Machine Learning Seminar Series

Physics-informed machine learning for molecular simulations in nanoporous materials discovery

by

Yangzesheng Sun
Department of Chemistry and
Department of Computer Science & Engineering
University of Minnesota

Wednesday, October 14, 2020
3:30–4:30 pm

View recording here

Nanoporous materials are promising candidates for clean-energy chemical storage and separation processes, and a combination of high-throughput molecular simulations with machine learning methods has dramatically accelerated the design of chemical systems involving nanoporous materials. Although machine learning has shown great success in various domains, physical inductive biases play a crucial role in the generalization and transferability of machine learning models for materials discovery. Based on the statistical thermodynamic nature of molecular simulations, the loss function of a machine learning model predicting molecular simulation results can be structured as minimizing the KL divergence between the statistical thermodynamics distribution and the approximating distribution parametrized by the model. When multiple types of guest molecules are separated by a nanoporous material, a strongly physics-informed and interpretable machine learning model based on the Transformer was developed by drawing an analogy between molecules in a chemical system and words in natural language.
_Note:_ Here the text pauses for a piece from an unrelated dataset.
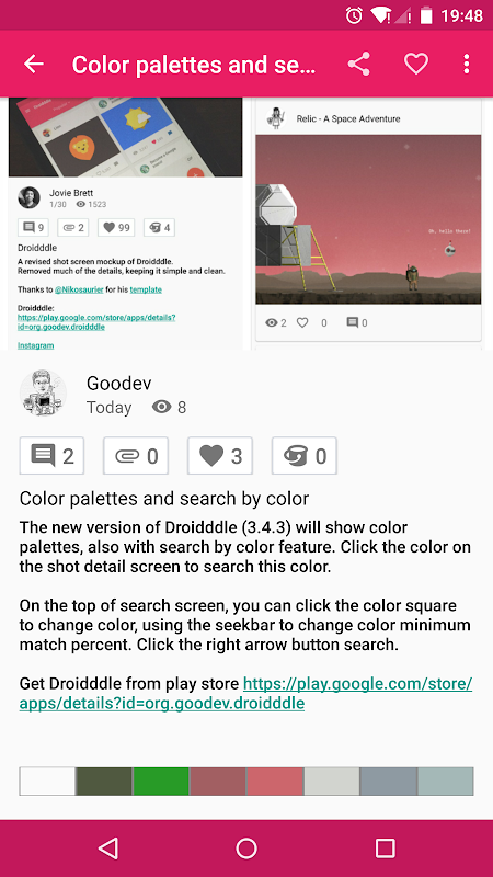 Droidddle (追波) 是一个 Dribbble 安卓客户端。
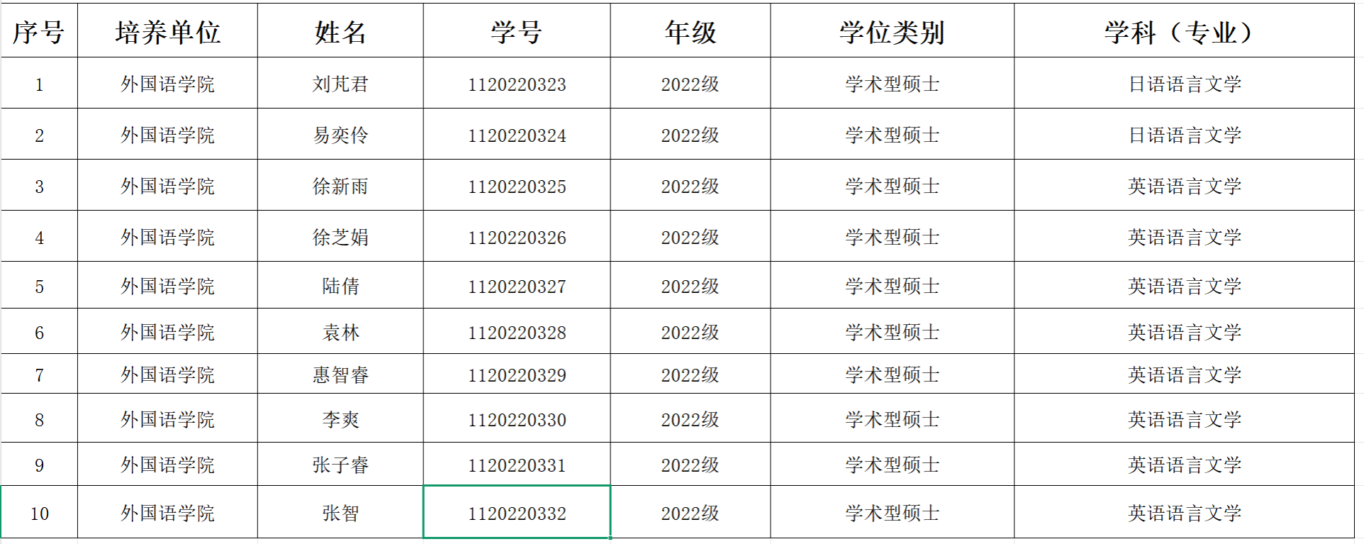 根据《肉视频 硕士研究生授予学位工作细则》规定,经肉视频 学位委员会审核,同意授予2022级刘芃君等10位同学硕士学位,具体名单如下:

With almost trivial modifications to the original Transformer, the model dramatically outperformed a regular neural network on generalization in the state space for the separation of an 8-component benzene derivative mixture. Besides integrating physical principles into model architecture, meta-learning was also an effective approach to directly learning physical inductive biases from data. A metal-learning model was developed to jointly learn the hydrogen storage properties of multiple materials at multiple thermodynamic states using many small simulation datasets, improving extrapolation and few-shot performance. While machine learning was mainly employed as surrogate models for simulations, data-driven or differentiable simulations have also emerged as a new research direction.

Yangzesheng Sun (Department of Chemistry and Department of Computer Science & Engineering, University of Minnesota) Yangzesheng (Andrew) Sun is a PhD student in the Department of Chemistry at University of Minnesota, advised by prof. J. Ilja Siepmann. His research interests include physics-informed machine learning, Monte Carlo simulations for molecular systems, and high-performance computing. He received BS in Chemistry with Honors from Wuhan University in 2017.